[Data shown]:
[Start of section]
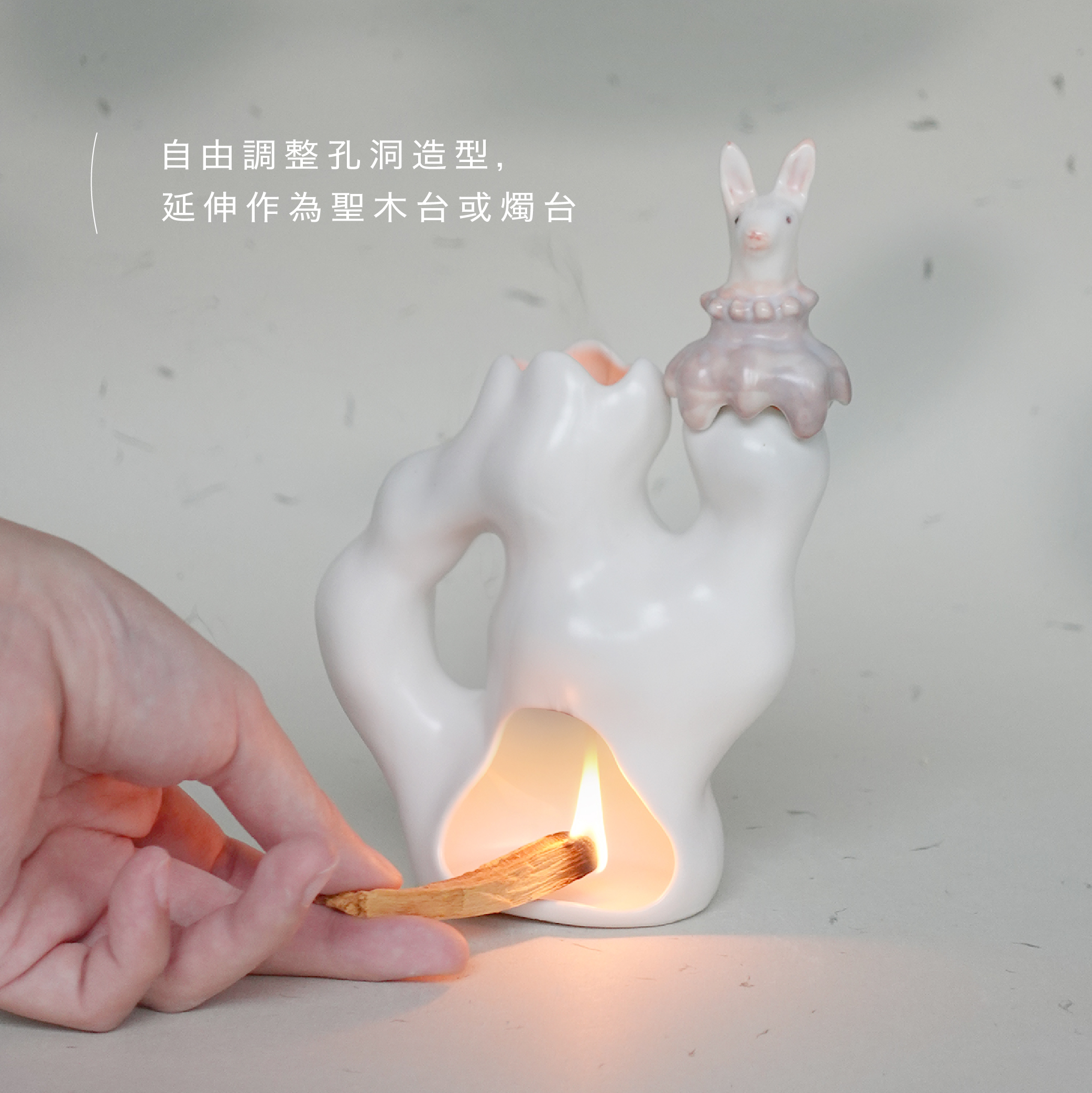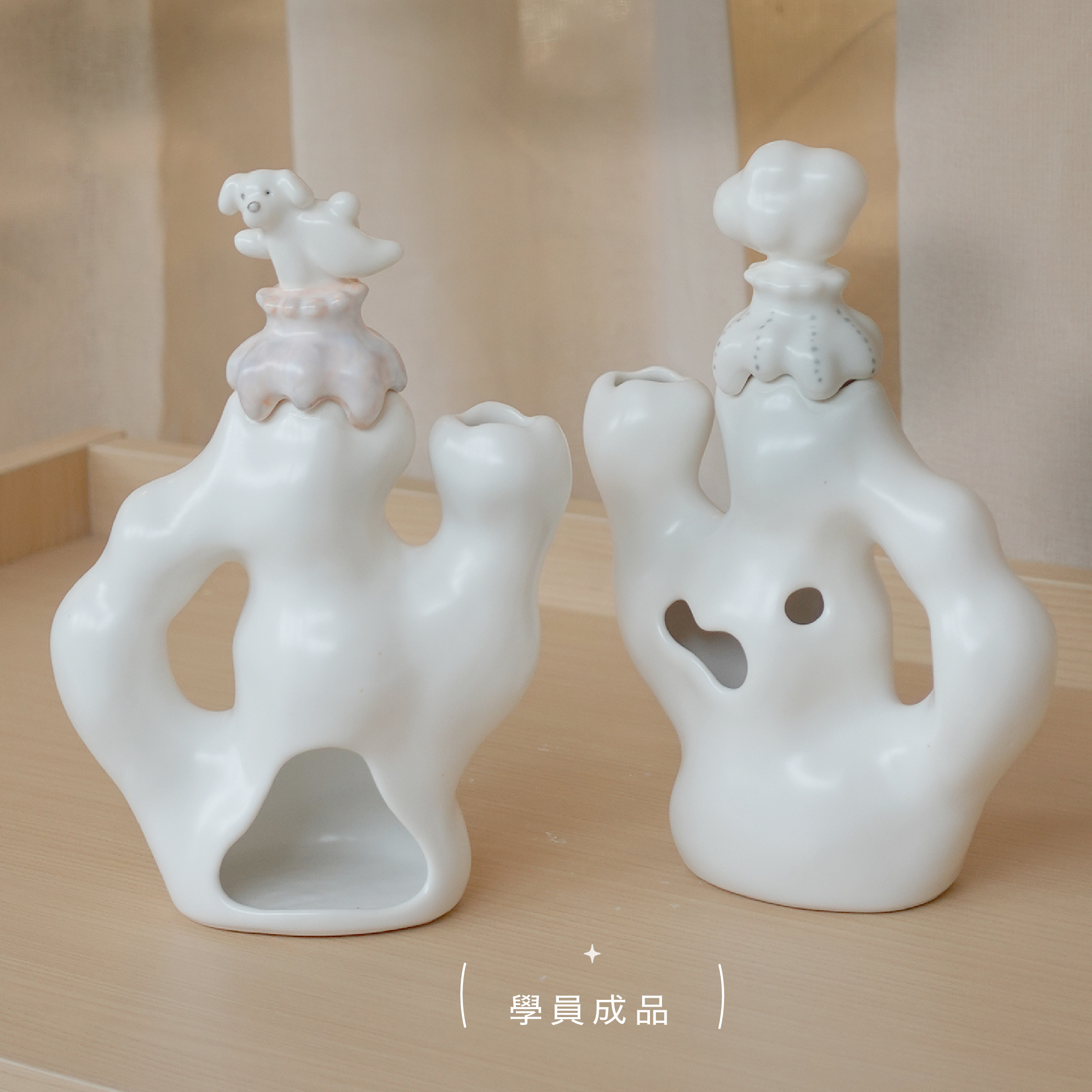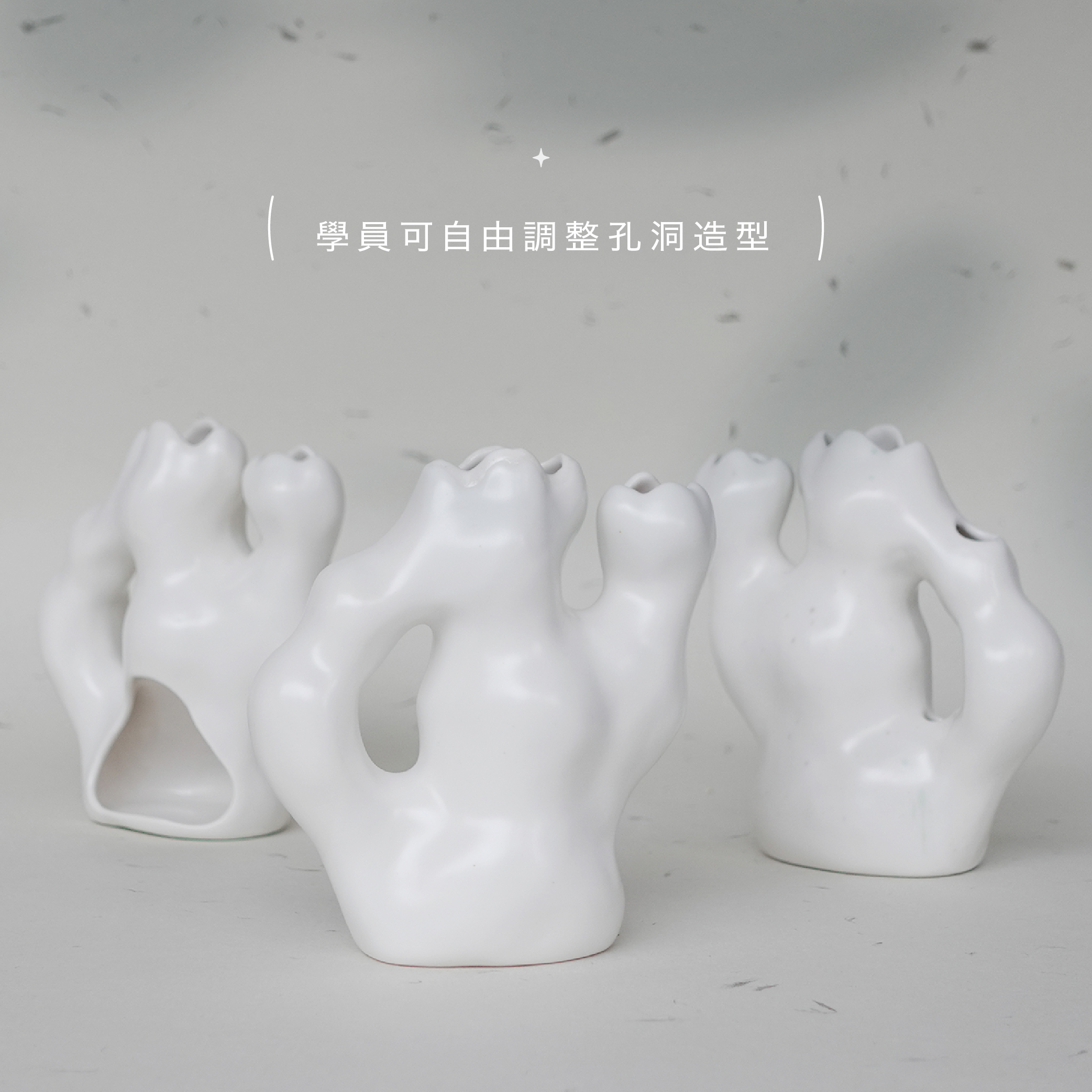 花器本體與瓶首皆以模具輔助成形,學員將先透過注漿製作出基本造型,再於脫模後自由進行挖洞、裝飾與上色。花器孔洞位置可依個人創作調整,也可延伸作為聖木台或燭台,兼具實用性與創作自由。
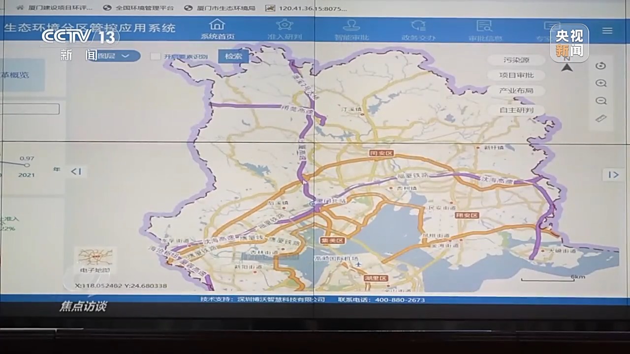 福建廈門市生態(tài)環(huán)境局環(huán)評(píng)處處長(zhǎng) 詹源:我們?cè)谙到y(tǒng)里面融入了國土空間、市政設(shè)施、產(chǎn)業(yè)布局以及生態(tài)環(huán)境,一共有207個(gè)矢量圖層,在這里面可以查看到空間信息、污水管網(wǎng)設(shè)置、產(chǎn)業(yè)布局規(guī)劃等信息。同時(shí),我們還梳理了10萬多條準(zhǔn)入條件,形成了分區(qū)管控的智慧內(nèi)核。
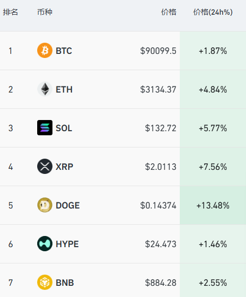 加密货币方面,多个主要币种集体上涨,比特币重新站上90000美元关口,过去24小时,全市场超11万人被爆仓。
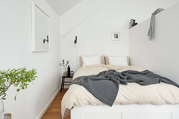Chez La Petite Fabrique de Rêves je me suis attardée sur cet appartement, qui est fait exactement comme le mien ! A savoir qu’une cloison sépare le séjour de la chambre, mais sans porte, les deux espaces étant parallèles. J’aime cet espace, cette facilité à circuler, cette sensation de liberté. L’esprit loft me correspond totalement.
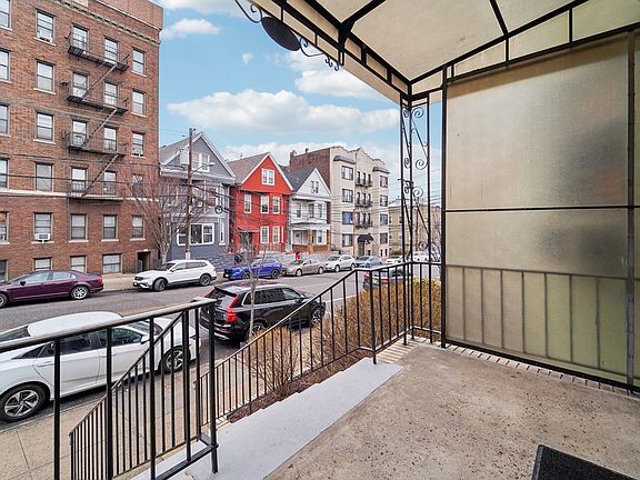 This home greets you with beautiful views of the Manhattan skyline and the Hudson River. Welcoming you into the grand living room with beautiful crafted crown moldings throughout, beautiful bay windows, as well as natural peaking through its unique stained glass. The home features beautiful hard wood floors throughout. The kitchen has stunning marble countertops, beautifully crafted cherry wood cabinets with plenty of space. This kitchen leads you to an outdoor deck and backyard with impeccable marble stone tiles. Perfect for family gatherings, bbq's, as well as entertaining guests. This home is centrally located near NJ Transit public buses to NYC, The Light Rail station, The Ferry at Port Imperial, shops, notable restaurants, schools, parks, and worship.
[End of section]
[What needs to be done]: In the records above, find the line that contains "加密货币方面,多个主要币种集" and retype it and all lines after it exactly, leaving out any pictures.

[Your response]:
 加密货币方面,多个主要币种集体上涨,比特币重新站上90000美元关口,过去24小时,全市场超11万人被爆仓。
Chez La Petite Fabrique de Rêves je me suis attardée sur cet appartement, qui est fait exactement comme le mien ! A savoir qu’une cloison sépare le séjour de la chambre, mais sans porte, les deux espaces étant parallèles. J’aime cet espace, cette facilité à circuler, cette sensation de liberté. L’esprit loft me correspond totalement.
 This home greets you with beautiful views of the Manhattan skyline and the Hudson River. Welcoming you into the grand living room with beautiful crafted crown moldings throughout, beautiful bay windows, as well as natural peaking through its unique stained glass. The home features beautiful hard wood floors throughout. The kitchen has stunning marble countertops, beautifully crafted cherry wood cabinets with plenty of space. This kitchen leads you to an outdoor deck and backyard with impeccable marble stone tiles. Perfect for family gatherings, bbq's, as well as entertaining guests. This home is centrally located near NJ Transit public buses to NYC, The Light Rail station, The Ferry at Port Imperial, shops, notable restaurants, schools, parks, and worship.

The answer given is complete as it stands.